◆ WHAT IS NEEDED
Given the records below, the lines starting at the line with "For Samsung Galaxy" and ending at the line with "洗漱區(qū)放到了外面,這樣衛(wèi)生間里外的功能,可以同時使用" should be output exactly, both end lines kept and pictures left out.

◆ DATA FOR ANALYSIS
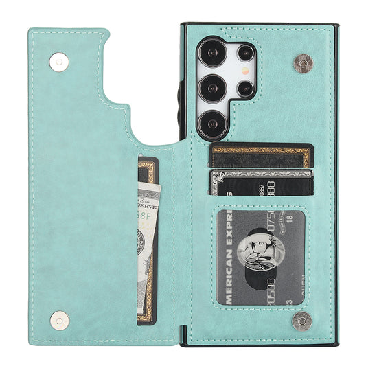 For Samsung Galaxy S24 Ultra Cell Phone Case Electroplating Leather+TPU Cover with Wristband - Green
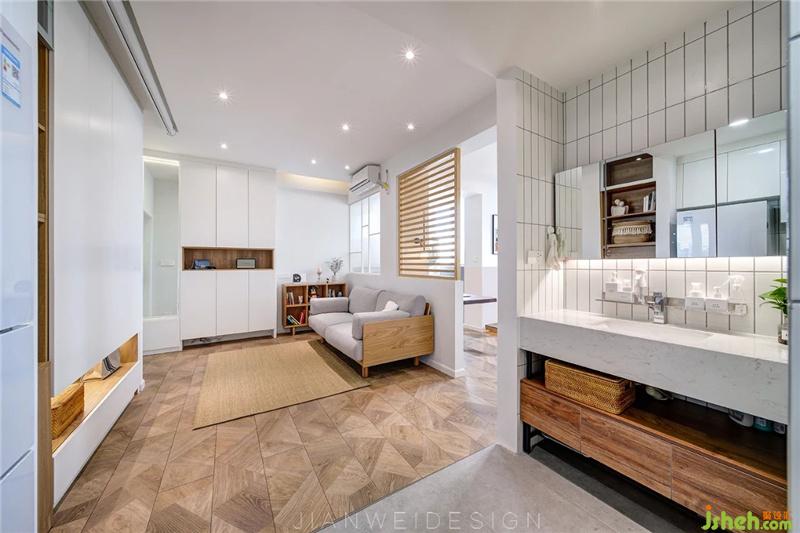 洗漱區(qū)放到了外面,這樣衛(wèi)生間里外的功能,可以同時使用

...

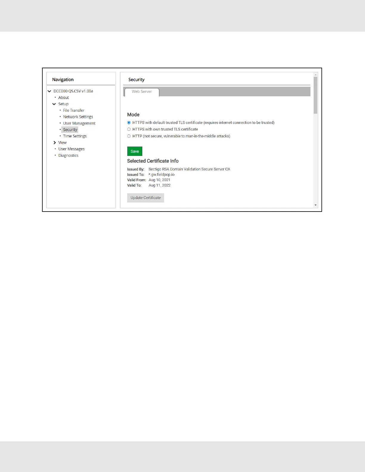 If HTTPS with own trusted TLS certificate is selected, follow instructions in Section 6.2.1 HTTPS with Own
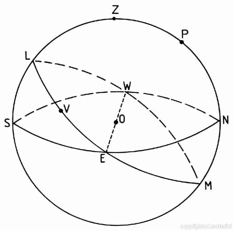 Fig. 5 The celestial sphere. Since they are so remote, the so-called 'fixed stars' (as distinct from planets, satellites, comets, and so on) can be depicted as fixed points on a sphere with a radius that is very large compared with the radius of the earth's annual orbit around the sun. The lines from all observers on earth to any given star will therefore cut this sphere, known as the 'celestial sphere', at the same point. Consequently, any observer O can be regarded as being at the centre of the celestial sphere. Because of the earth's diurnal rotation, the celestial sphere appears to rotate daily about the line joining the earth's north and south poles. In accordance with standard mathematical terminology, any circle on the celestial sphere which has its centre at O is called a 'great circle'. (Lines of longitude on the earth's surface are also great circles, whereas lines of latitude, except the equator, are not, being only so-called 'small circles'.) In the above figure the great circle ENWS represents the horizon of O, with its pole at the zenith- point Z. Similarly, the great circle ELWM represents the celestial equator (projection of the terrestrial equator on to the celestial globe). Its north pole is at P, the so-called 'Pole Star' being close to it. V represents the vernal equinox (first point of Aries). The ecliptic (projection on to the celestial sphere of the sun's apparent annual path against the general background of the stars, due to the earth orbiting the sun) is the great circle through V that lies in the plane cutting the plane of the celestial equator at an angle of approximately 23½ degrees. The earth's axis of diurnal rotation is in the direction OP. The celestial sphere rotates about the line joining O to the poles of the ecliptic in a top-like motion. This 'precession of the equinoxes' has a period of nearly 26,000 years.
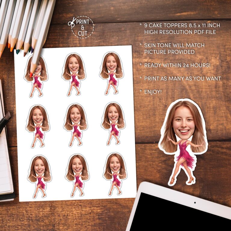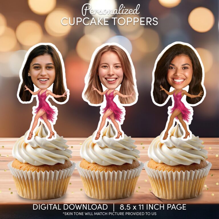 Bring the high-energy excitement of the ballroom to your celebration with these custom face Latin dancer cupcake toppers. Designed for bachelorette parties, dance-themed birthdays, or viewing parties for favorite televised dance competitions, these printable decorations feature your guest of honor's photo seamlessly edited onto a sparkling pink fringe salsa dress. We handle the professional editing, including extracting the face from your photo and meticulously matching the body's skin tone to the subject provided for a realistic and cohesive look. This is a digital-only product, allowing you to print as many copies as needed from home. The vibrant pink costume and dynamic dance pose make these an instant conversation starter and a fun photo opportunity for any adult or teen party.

◆ EXERCISE OUTPUT
 For Samsung Galaxy S24 Ultra Cell Phone Case Electroplating Leather+TPU Cover with Wristband - Green
 洗漱區(qū)放到了外面,這樣衛(wèi)生間里外的功能,可以同時使用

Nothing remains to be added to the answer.